May 24, 2020

Have you ever wondered what Brian Eno would sound like if he wrote a doom album? I know that’s an odd question but believe me it didn’t come totally out of the blue! Witnesses is the project of New Yorker multi-instrumentalist Greg Schwan (ex-keyboard player of doom merchants While Heaven Wept). Like many, he likes to claim he cuts across genres but Schwan really does with the Witnesses project. He’s not happy though to mix genres within a song. He’s not even happy to mix genres within an album. What he does is create whole albums in different genres. So, he’s released three purely experimental ambient albums, entitled somewhat unimaginatively as I, II and III, and between the last two of those he released a doom metal album To Disappear And To Be Nothing. Now he’s released this his fifth full length album, the second in a doom style, which I would guess goes some way to explain the title.

So, you may be wondering what would make a doom artist want to delve into ambient music, or vice versa.  I’m no musicologist but I would venture to suggest that the creation of interesting atmospheric soundscapes – that are at the core of ambient music – are not that dissimilar to the atmospheric tension building that happens in the quieter sections of doom tracks. That similarity can be seen in the quieter sections on To Disappear And To Be Nothing where Schwan’s ambient experiments are echoed, but this new album now charts a more standard doom course.

Schwan, looking about as cheerful as the music he writes…..
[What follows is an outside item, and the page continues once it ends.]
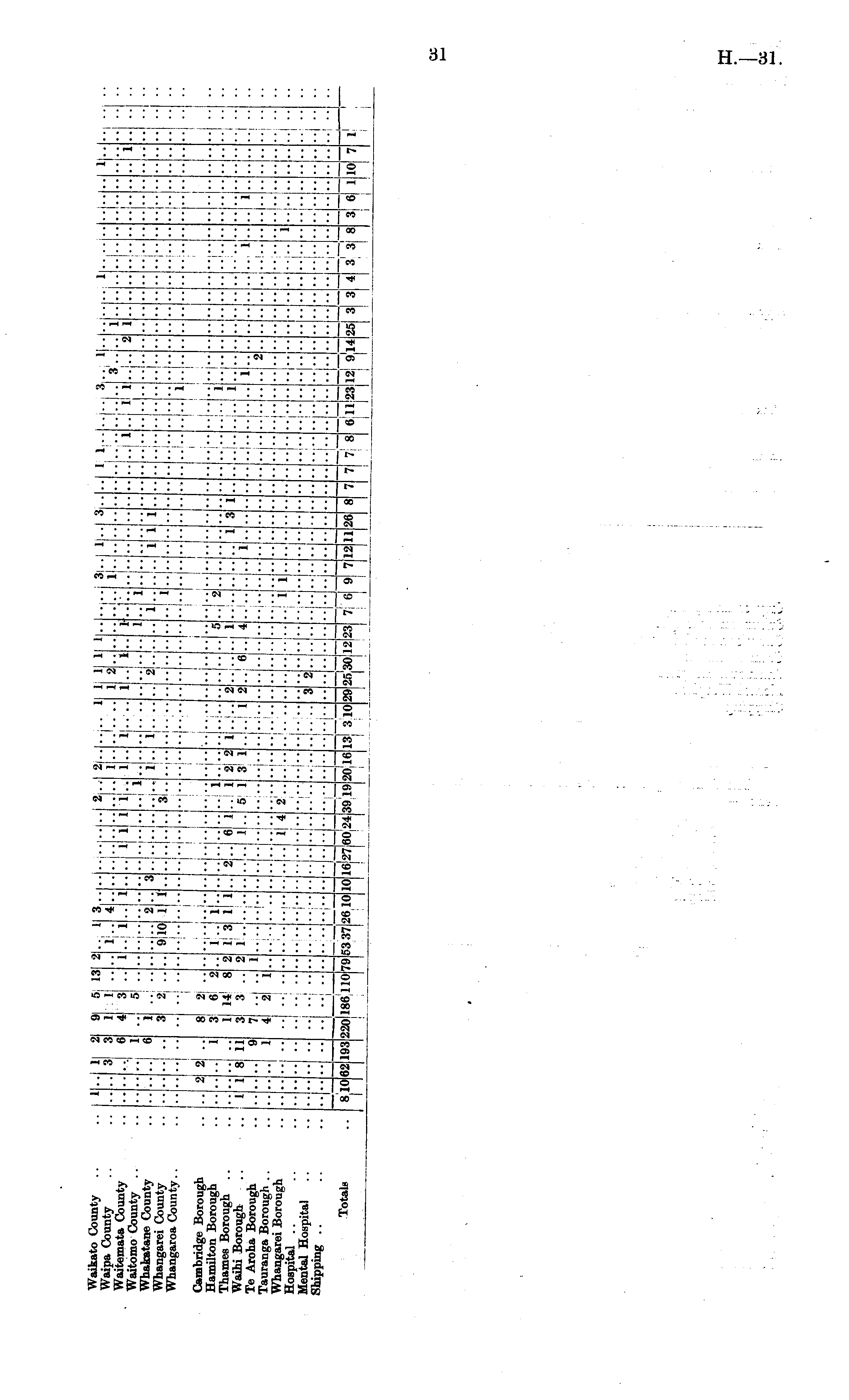 Waikato County Waipa County Waitemata County Waitomo County .. Whakatane County Whangarei County Whangaroa County.. 1 3 2 3 6 1 6 1 4 i 3 ) 5 II I 3 I 5 ,3 ' ** " i .. .. 1 1 .. ••I 1 9l6 3 .. 4.. .. 1 1 1 .... "j 1 i i 2 .. 'ij.'.' .. i 1 1 , i.... I3J 310i i i • - *l i 'I •• "I i l i I.. " i i 1.. '.'. 1 i 1 I •• 2 1 1 i 1 • • ... x l •• ■ • : i 3 1 ■• '2 i I .. I 2j 3!* i "j i • • •• , • - i Cambridge Borough Hamilton Borough Thames Borough .. Waihi Borough Te Aroha Borough Tauranga Borough .. Whangarei Borough Hospital Mental Hospital Shipping .... i 1 " 8 i n 9 1 8 3 1 3 7 4 I 2 I 6 14 ; 3 ' '' 2 \ 2 8 2 2 I 'i:: ! 1 3 1 .. I 1! 1 2 " 6 1 i .. 1 .. 1 5 1 3 2 1 2 2 " fi .*; 1 4 :'/."■ 2 1 *• 3 1 1 I 1 "I" i.. i .... .. .. .. 1 .. :: ;; ;: ' i "i •• i " i" 2 " 7 8 " :: :: :: •■ - ' " *' .... ..... i 4 4 '2:: If i i :: '• i... i " "i" .. •• ■ •• ..I •• "I 1861 " .. 60 24 3919 ■•, 3 2 •• - " " • • •• . -i " ■• " .... 3 6 ** •• j3 3 ;.. Totals 62 l. 53 87. m) H ,30 12 ■• 23 6 i •• H •• 7 ". 23 II 12 " I 14 :•■ 3 _ ... H ... 10 10 193 220! HI 2610 10 16. 12 26 6 it •

Speaking about charting courses, Doom II is a loose concept album. The album consists of six songs about a plague born at sea, which makes it to land, to a village that hopes its story will not be forgotten. That’s an interesting concept which certainly could have been highlighted through a more imaginative album title. Musically, Schwan seems influenced by his old band While Heaven Wept and by 1990s British bands such as My Dying Bride. The pace is slow, even by doom standards, and to call it gloomy would be an understatement. The riffs tend to be just long slow chord sequences which in reality can become a little tedious after a while. There are some good moments though. Closing track An Ending has a really good falling guitar phrase which promises much but then doesn’t really build on that. In the title track there is the welcome use of synths which gives a sense of warmth to what is often quite harsh music. The title track track also has a guest guitarist Scott Loose (an old friend from While Heaven Wept) who contributes the solo which is another good moment.

The problem I sensed with this album is that Schwan is simply trying to do too much on his own. The raw material has some potential but it needed a good skilled band and a good production team to flesh it out into genuinely attractive material. Schwan should be given credit for the heroic one-man effort here but I fear the album will only appeal to existing fans or die-hard doom fans.